**REQUIRED WORK:**
Don't include pictures. Quote the lines below from the first through the line that contains "为深入学习贯彻党的二十届四中".

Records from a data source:
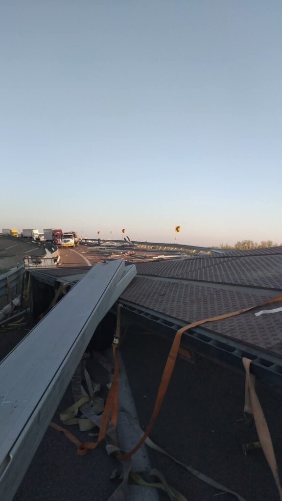 El neumático delantero se dañó, lo que provocó que perdiera el control en la curva y lo venciera la carga que llevaba en la caja, que eran polines de acero, por lo que terminó sobre su costado derecho.
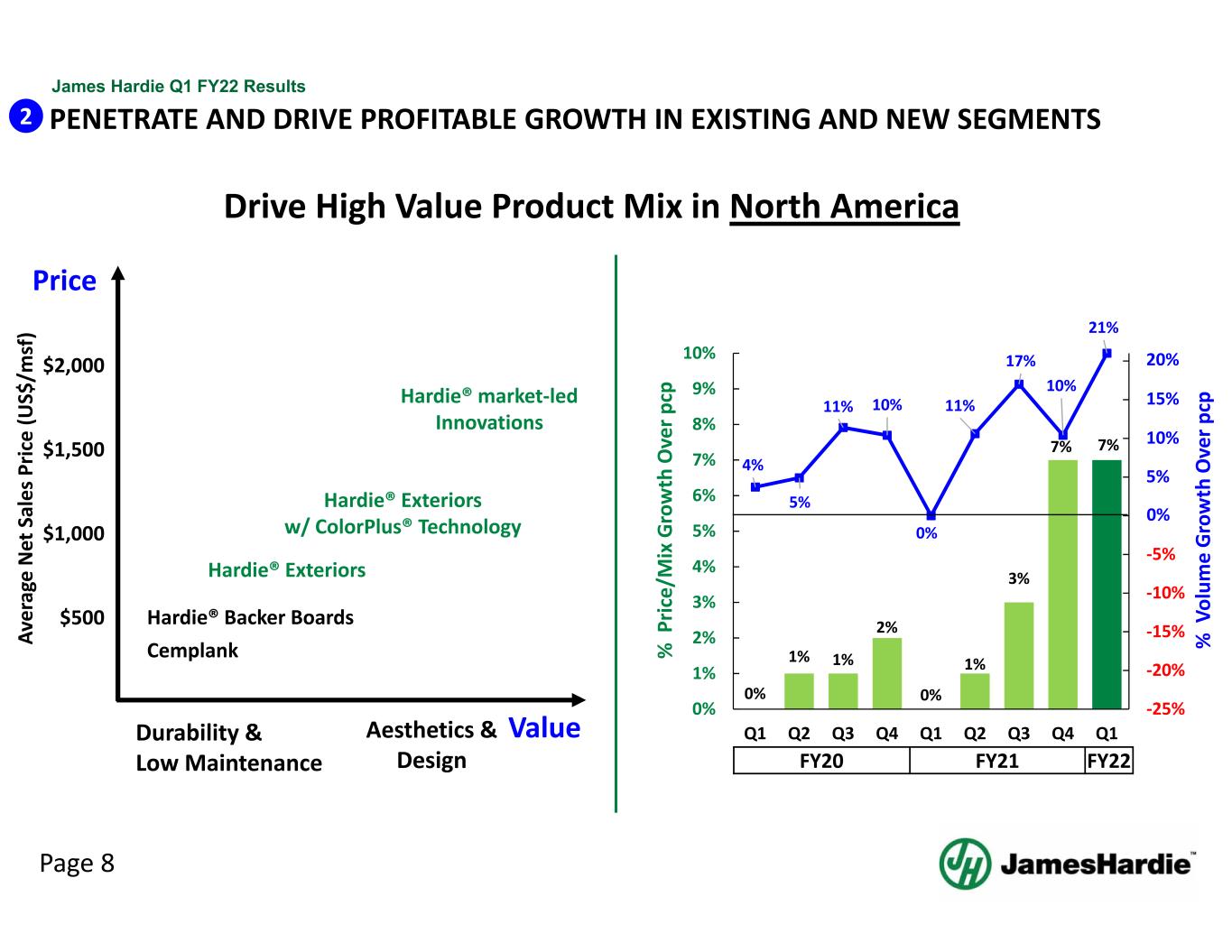 Page 8 James Hardie Q1 FY22 Results 0% 1% 1% 2% 0% 1% 3% 7% 7% 4% 5% 11% 10% 0% 11% 17% 10% 21% ‐25% ‐20% ‐15% ‐10% ‐5% 0% 5% 10% 15% 20% 0% 1% 2% 3% 4% 5% 6% 7% 8% 9% 10% Q1 Q2 Q3 Q4 Q1 Q2 Q3 Q4 Q1 PENETRATE AND DRIVE PROFITABLE GROWTH IN EXISTING AND NEW SEGMENTS % V ol um e G ro w th O ve r p cp Hardie® Backer Boards Cemplank Hardie® Exteriors Hardie® Exteriors w/ ColorPlus® Technology Hardie® market‐led Innovations Durability & Low Maintenance ValueAesthetics & Design Av er ag e N et S al es P ric e (U S$ /m sf ) $2,000 Price $500 $1,000 $1,500 FY20 FY21 FY22 % P ric e/ M ix G ro w th O ve r p cp 2 Drive High Value Product Mix in North America
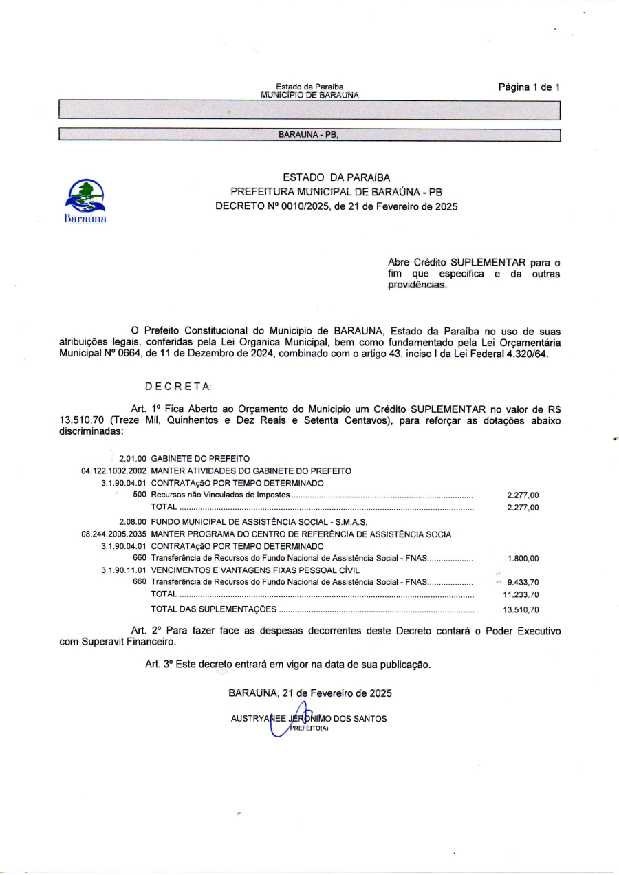 DECRETO Nº 010/2025 ABRE CREDITO SUPLEMENTAR PARA O FIM QUE ESPECIFICA E DA OUTRAS PROVIDÊNCIAS. - 16 DE JULHO DE 2025.
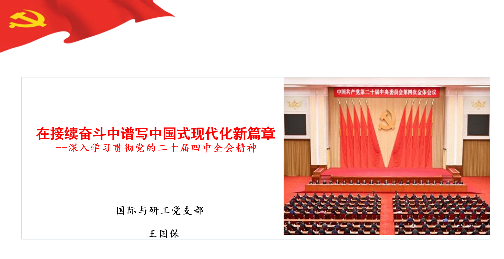为深入学习贯彻党的二十届四中全会精神,12月5日,国际与研工党支部组织召开12月份政治理论学习会议,党支部书记王国保以《学习贯彻党的二十届四中全会精神,奋力开创中国式现代化教育新篇章》为题,为全体党员讲授专题党课。
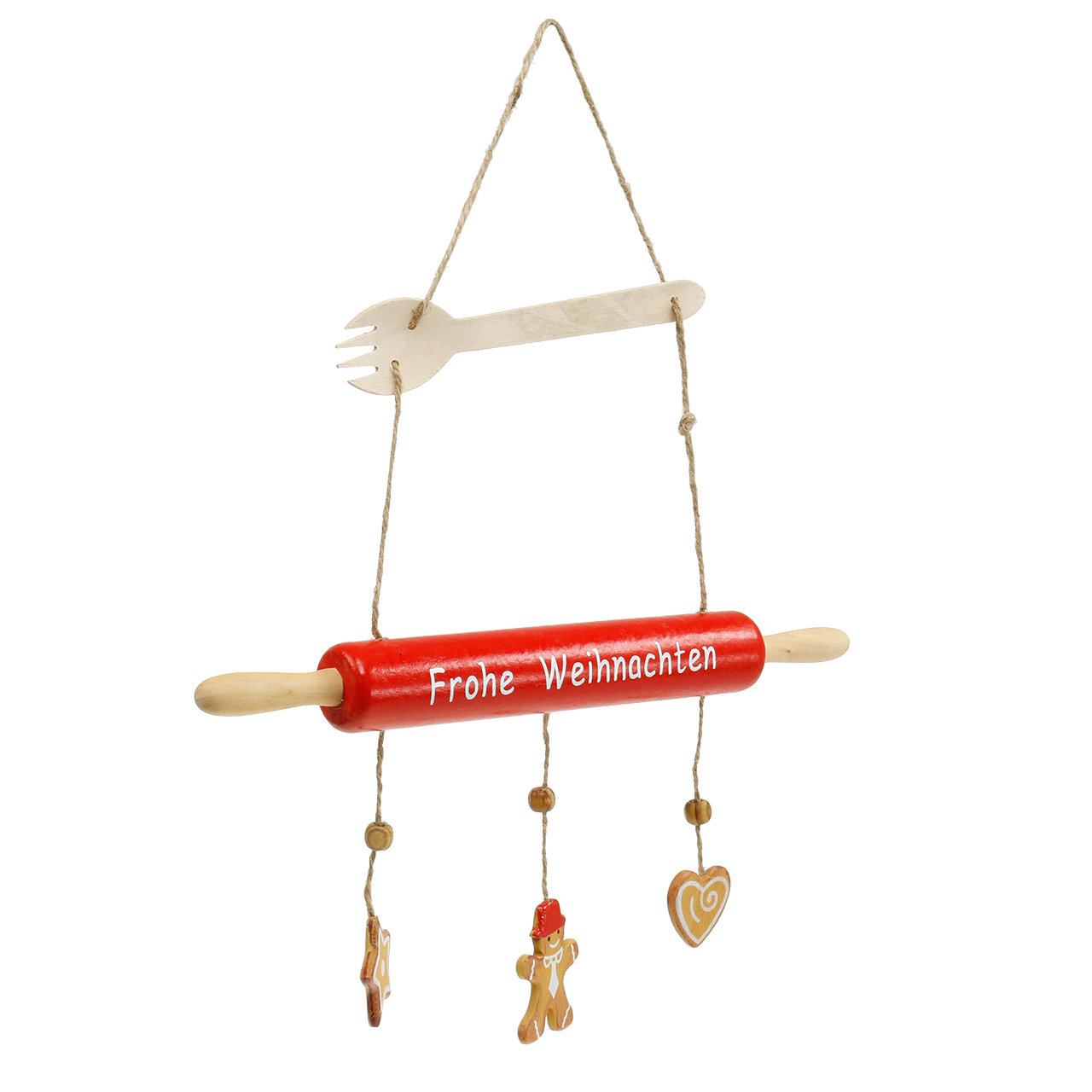 Die Holzgabel befindet sich im weihnachtlichen Back-Arrangement zum Hängen ganz oben, mit etwas Abstand folgt das hölzerne Nudelholz, darunter ein Sternplätzchen, ein Lebkuchenmann und ein Keks in Herzform, abgetrennt durch eine kleine Holzperle.
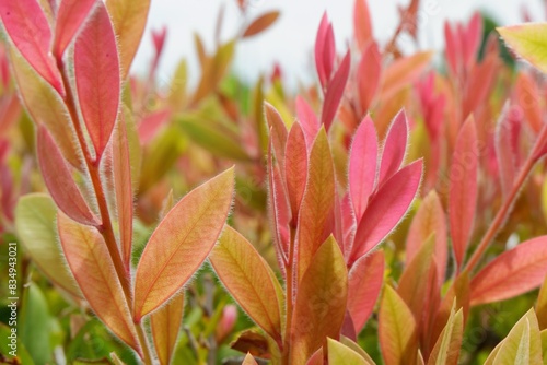 Young pinky sprouts of Bottlebrush plant Chamaedaphne calyculata after trimming. Floral background
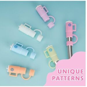 Set of 6 straw toppers in green, white, blue, yellow, and pink. Soft silicone design adds a fun, decorative touch to cups and straws. BPA-free material is safe for everyday use. Bright multi-color mix complements kids’ and casual drinkware.the packaging might be damaged but the item is unused new
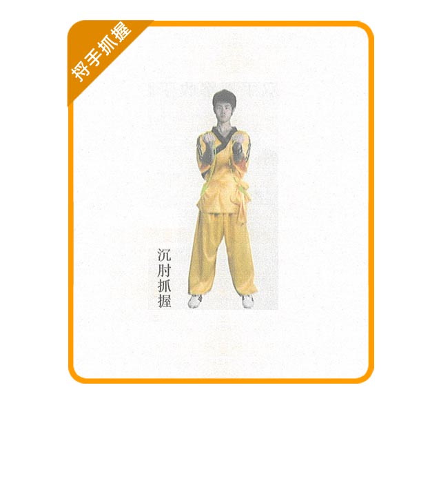 ③双臂沉肘,双手外旋抓握,拳心向上,目视前方。
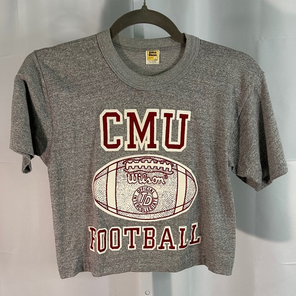 Amazing 1970s Velva Sheen CMU football tee! Late 70s, or very early 80s fan shirt in fabulous condition. It's cropped cut, which a lot of men and women wore during that time, so it is a unisex shirt. It came from the home of a retired CMU biology professor and his wife. It has a print of a Wilson football, which at the time was the official intercollegiate football. Just a wonderful vintage tee. The fabric is still thick, the artwork is in great condition, the tag is in good condition. Looks like it was worn maybe once for game day, and then just stored. It still has the holes in the tag from the price tag, which usually diminish with washing.

**OUTPUT OF THE TASK:**
 El neumático delantero se dañó, lo que provocó que perdiera el control en la curva y lo venciera la carga que llevaba en la caja, que eran polines de acero, por lo que terminó sobre su costado derecho.
 Page 8 James Hardie Q1 FY22 Results 0% 1% 1% 2% 0% 1% 3% 7% 7% 4% 5% 11% 10% 0% 11% 17% 10% 21% ‐25% ‐20% ‐15% ‐10% ‐5% 0% 5% 10% 15% 20% 0% 1% 2% 3% 4% 5% 6% 7% 8% 9% 10% Q1 Q2 Q3 Q4 Q1 Q2 Q3 Q4 Q1 PENETRATE AND DRIVE PROFITABLE GROWTH IN EXISTING AND NEW SEGMENTS % V ol um e G ro w th O ve r p cp Hardie® Backer Boards Cemplank Hardie® Exteriors Hardie® Exteriors w/ ColorPlus® Technology Hardie® market‐led Innovations Durability & Low Maintenance ValueAesthetics & Design Av er ag e N et S al es P ric e (U S$ /m sf ) $2,000 Price $500 $1,000 $1,500 FY20 FY21 FY22 % P ric e/ M ix G ro w th O ve r p cp 2 Drive High Value Product Mix in North America
 DECRETO Nº 010/2025 ABRE CREDITO SUPLEMENTAR PARA O FIM QUE ESPECIFICA E DA OUTRAS PROVIDÊNCIAS. - 16 DE JULHO DE 2025.
为深入学习贯彻党的二十届四中全会精神,12月5日,国际与研工党支部组织召开12月份政治理论学习会议,党支部书记王国保以《学习贯彻党的二十届四中全会精神,奋力开创中国式现代化教育新篇章》为题,为全体党员讲授专题党课。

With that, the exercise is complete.